Elizas Best Wednesday Catherine Lalonde

ISBN: 9781550740066

Published: June 30th 1990


61 pages


Elizas Best Wednesday  by  Catherine Lalonde

Elizas Best Wednesday by Catherine Lalonde
June 30th 1990 | Hardcover | PDF, EPUB, FB2, DjVu, audiobook, mp3, ZIP | 61 pages | ISBN: 9781550740066 | 4.32 Mb

Title: Eliza’s Best WednesdayTarget Audience: 8 - 13 Years OldAuthor(s): Catherine Lalonde and Louise BurchellDrawings by Carol SeargentEliza’s Best Wednesday is a book that realistically portrays Upper Canada life in the 1800’s. The main event is when Eliza and her family go to the Upper Canada Agricultural Exhibition. During the book, however, there are not many conflicts, after all, this is Eliza’s BEST Wednesday, and there are many good events, like when nearly her entire family gets a ribbon and prize money each for their entries.The authors, Catherine Lalonde and Louise Burchell, have shown Upper Canada life in a way that is different from others.

Where most books like to portray the hardships of a farming life, Eliza’s Best Wednesday portrays the other side, the celebration, festivals, and joy.

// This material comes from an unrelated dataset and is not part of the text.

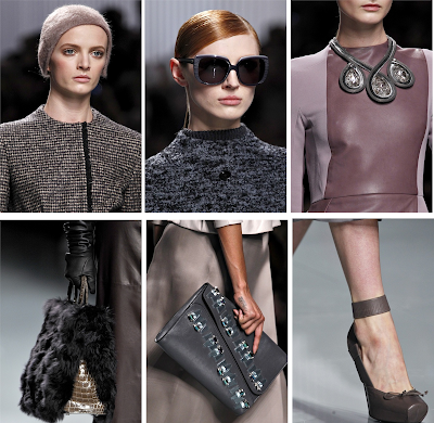 Os acessórios são gorros de tricô, óculos, maxi-jóias, luvas de couro,sapatos de salto que remetem ao universo da dança, bolsas com pedrarias e peles.

Also, there is a lot of realism in the book, right down to the pictures, which show a setting of a wooden house, wooden tables, and generally wooden furniture with some non-wooden decorations, silverware, and plates.

Furthermore, the Agricultural Exhibition is shown to be an crowded place full of families, peddlers, quacks (people who use trickery to make money), and it makes clear that people fall for the quacks’ tricks, since people used to, but now that people know more, they probably wouldn’t be tricked by some guy saying he is selling some “Magical Tonic Water”, that will “cure every single illness imaginable”.

One example is when Eliza’s own brother, James thinks this “Professor Grant”, can predict the future just by feeling the organs in your brain. The realism even extends to some of the characters’ personalities. Eliza is obedient, but not stiff, and kind of gullible. James, is rebellious, gullible, and curious. Lastly, there’s Hannah McQuinn, the stereotypical embodiment of a bully.I felt that this book deserved a ⅘ stars because of it’s realism and overall interesting event and approach, but I don’t give the book a 5 star rating since it was short for the typical book at the 8 to 13 year old reading level, maybe not for 8 year olds, but once you get to be around 10, this book will probably be too short for your liking.

However, I still encourage people to read this book, since it gives you a glimpse of the celebratory, and generally joyful part of farming life in Upper Canada, in the 1800’s. Also, it’s a quick read, so you can just read this book for something refreshing from the humdrum 200+ page fiction book you normally read.